> _EXERCISE DETAILS_
Apart from the images, reproduce all of the data word for word.

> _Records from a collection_

══════════

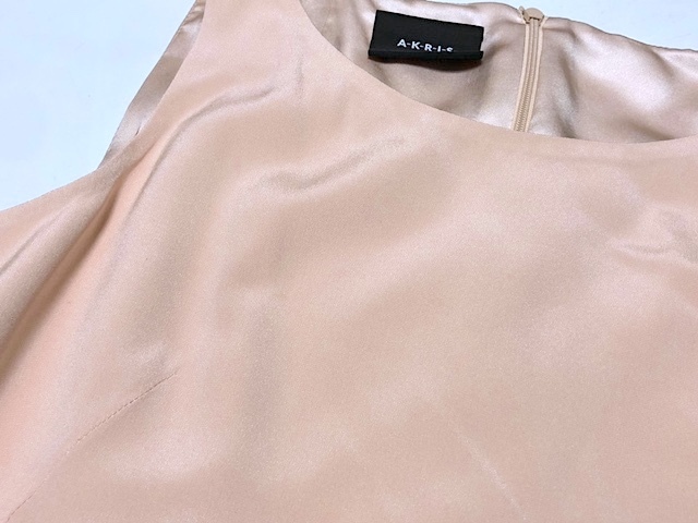 二点落札で送料無料! 2A48 AKRIS アクリス シルク100% ノースリーブ ワンピース 40 タイト ピンク フォーマル M ひざ丈 結婚式
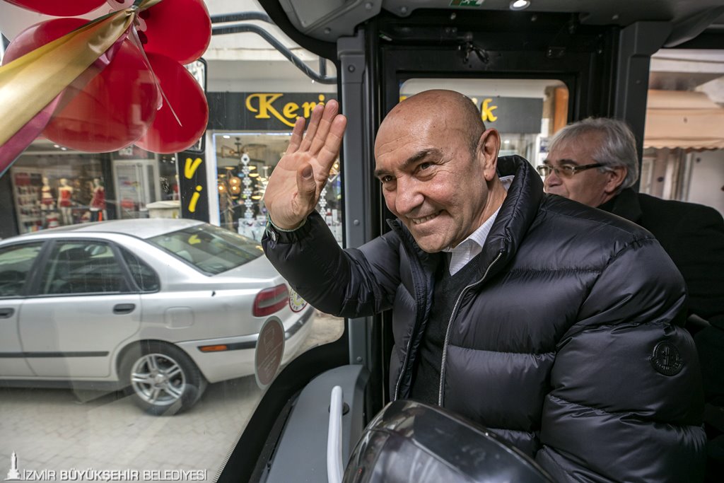 Törenin sonunda İZTAŞIT otobüsleri, kurdele kesilerek hizmete alındı. Başkan Soyer, protokol üyeleri ve vatandaşlar İZTAŞIT'ları şehir turu atarak tanıttı.
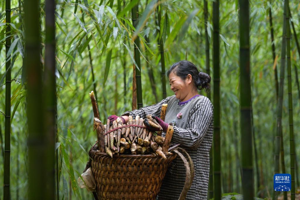 2022年10月27日,在貴州省赤水市寶源鄉聯(lián)華村,農民收獲竹筍。新華社記者 楊文斌 攝
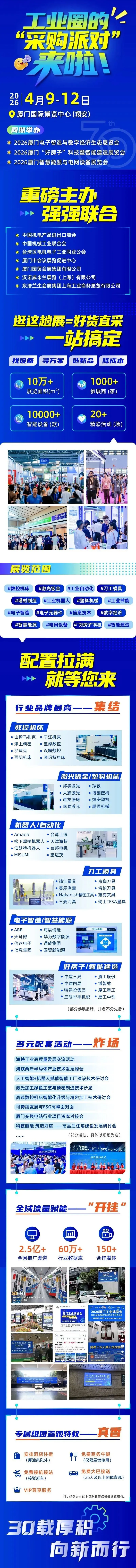 本次展会将携手1000余家海内外品牌企业,于4月9-12日在厦门国际博览中心(翔安),全方位展示工业制造产业链的前沿技术和创新成果。
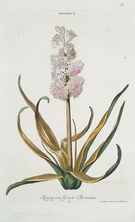 到17世纪末,当郁金香种植在荷兰开始走下坡路后,荷兰的育种家开始将育种的注意力转向风信子。以荷兰Haarlem为中心的周边地区成了风信子种植和新品种选育的重要区域,当地的沙质壤土富含有机质,地下水位距离地表仅0.6-1米高,非常适合风信子生长。风信子的品种改良在荷兰取得了长足的发展,18世纪初的图片资料显示,风信子的每茎花序上最多着花数只有10-15朵花,到了18世纪末花序每茎着花数已上升到了60朵之多。尽管风信子的贸易量从来没有达到超过郁金香的数量,但人工选育出来的每个新花色的风信子品种推向市场都能卖到一个很高的价位。
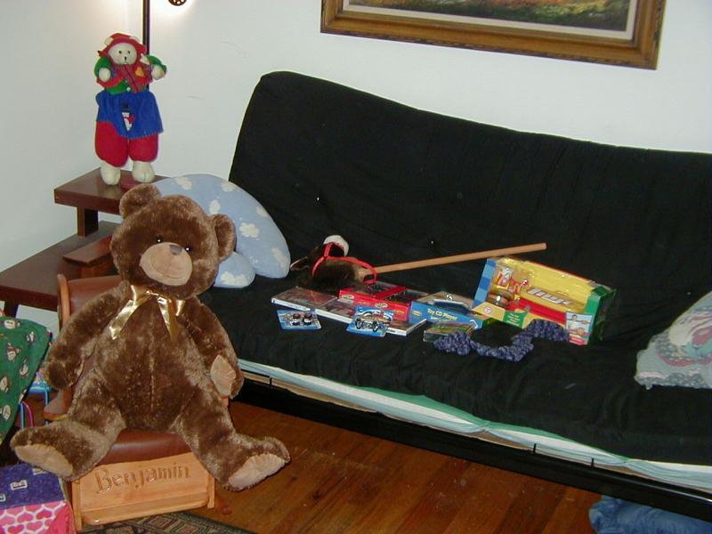 Some of his other gifts. A big teddy, hobby horse, about a dozen cars, a McDonald's cash register (Apple Pie!), a handmade scarf, a pretend CD player, and several videos. Thanks everyone! He loves them all :)

══════════

> _ANSWER BOX_
 二点落札で送料無料! 2A48 AKRIS アクリス シルク100% ノースリーブ ワンピース 40 タイト ピンク フォーマル M ひざ丈 結婚式
 Törenin sonunda İZTAŞIT otobüsleri, kurdele kesilerek hizmete alındı. Başkan Soyer, protokol üyeleri ve vatandaşlar İZTAŞIT'ları şehir turu atarak tanıttı.
 2022年10月27日,在貴州省赤水市寶源鄉聯(lián)華村,農民收獲竹筍。新華社記者 楊文斌 攝
 本次展会将携手1000余家海内外品牌企业,于4月9-12日在厦门国际博览中心(翔安),全方位展示工业制造产业链的前沿技术和创新成果。
 到17世纪末,当郁金香种植在荷兰开始走下坡路后,荷兰的育种家开始将育种的注意力转向风信子。以荷兰Haarlem为中心的周边地区成了风信子种植和新品种选育的重要区域,当地的沙质壤土富含有机质,地下水位距离地表仅0.6-1米高,非常适合风信子生长。风信子的品种改良在荷兰取得了长足的发展,18世纪初的图片资料显示,风信子的每茎花序上最多着花数只有10-15朵花,到了18世纪末花序每茎着花数已上升到了60朵之多。尽管风信子的贸易量从来没有达到超过郁金香的数量,但人工选育出来的每个新花色的风信子品种推向市场都能卖到一个很高的价位。
 Some of his other gifts. A big teddy, hobby horse, about a dozen cars, a McDonald's cash register (Apple Pie!), a handmade scarf, a pretend CD player, and several videos. Thanks everyone! He loves them all :)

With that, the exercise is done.